Directions:
Beginning with the first line, transcribe the entries below exactly through the line containing "보니떼 포켓 슬림핏 핀턱 코튼 가을 크롭 셔츠 (2color)", inclusive.

The records:

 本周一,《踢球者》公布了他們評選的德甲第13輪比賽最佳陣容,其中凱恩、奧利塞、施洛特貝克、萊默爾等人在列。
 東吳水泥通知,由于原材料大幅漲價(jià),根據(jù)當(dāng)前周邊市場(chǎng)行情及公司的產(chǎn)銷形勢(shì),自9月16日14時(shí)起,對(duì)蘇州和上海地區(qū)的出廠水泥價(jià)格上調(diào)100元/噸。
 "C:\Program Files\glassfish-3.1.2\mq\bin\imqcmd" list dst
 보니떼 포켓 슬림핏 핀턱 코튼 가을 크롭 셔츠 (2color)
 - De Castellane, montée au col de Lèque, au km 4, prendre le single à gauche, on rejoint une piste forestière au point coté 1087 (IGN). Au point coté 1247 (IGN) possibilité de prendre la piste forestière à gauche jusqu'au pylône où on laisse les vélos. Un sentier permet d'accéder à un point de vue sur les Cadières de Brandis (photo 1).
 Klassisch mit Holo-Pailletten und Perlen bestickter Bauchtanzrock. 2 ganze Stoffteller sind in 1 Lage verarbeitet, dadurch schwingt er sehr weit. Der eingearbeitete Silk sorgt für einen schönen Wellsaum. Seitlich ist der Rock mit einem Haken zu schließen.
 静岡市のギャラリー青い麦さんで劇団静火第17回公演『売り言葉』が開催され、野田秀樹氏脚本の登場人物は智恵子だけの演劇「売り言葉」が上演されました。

Task response:
 本周一,《踢球者》公布了他們評選的德甲第13輪比賽最佳陣容,其中凱恩、奧利塞、施洛特貝克、萊默爾等人在列。
 東吳水泥通知,由于原材料大幅漲價(jià),根據(jù)當(dāng)前周邊市場(chǎng)行情及公司的產(chǎn)銷形勢(shì),自9月16日14時(shí)起,對(duì)蘇州和上海地區(qū)的出廠水泥價(jià)格上調(diào)100元/噸。
 "C:\Program Files\glassfish-3.1.2\mq\bin\imqcmd" list dst
 보니떼 포켓 슬림핏 핀턱 코튼 가을 크롭 셔츠 (2color)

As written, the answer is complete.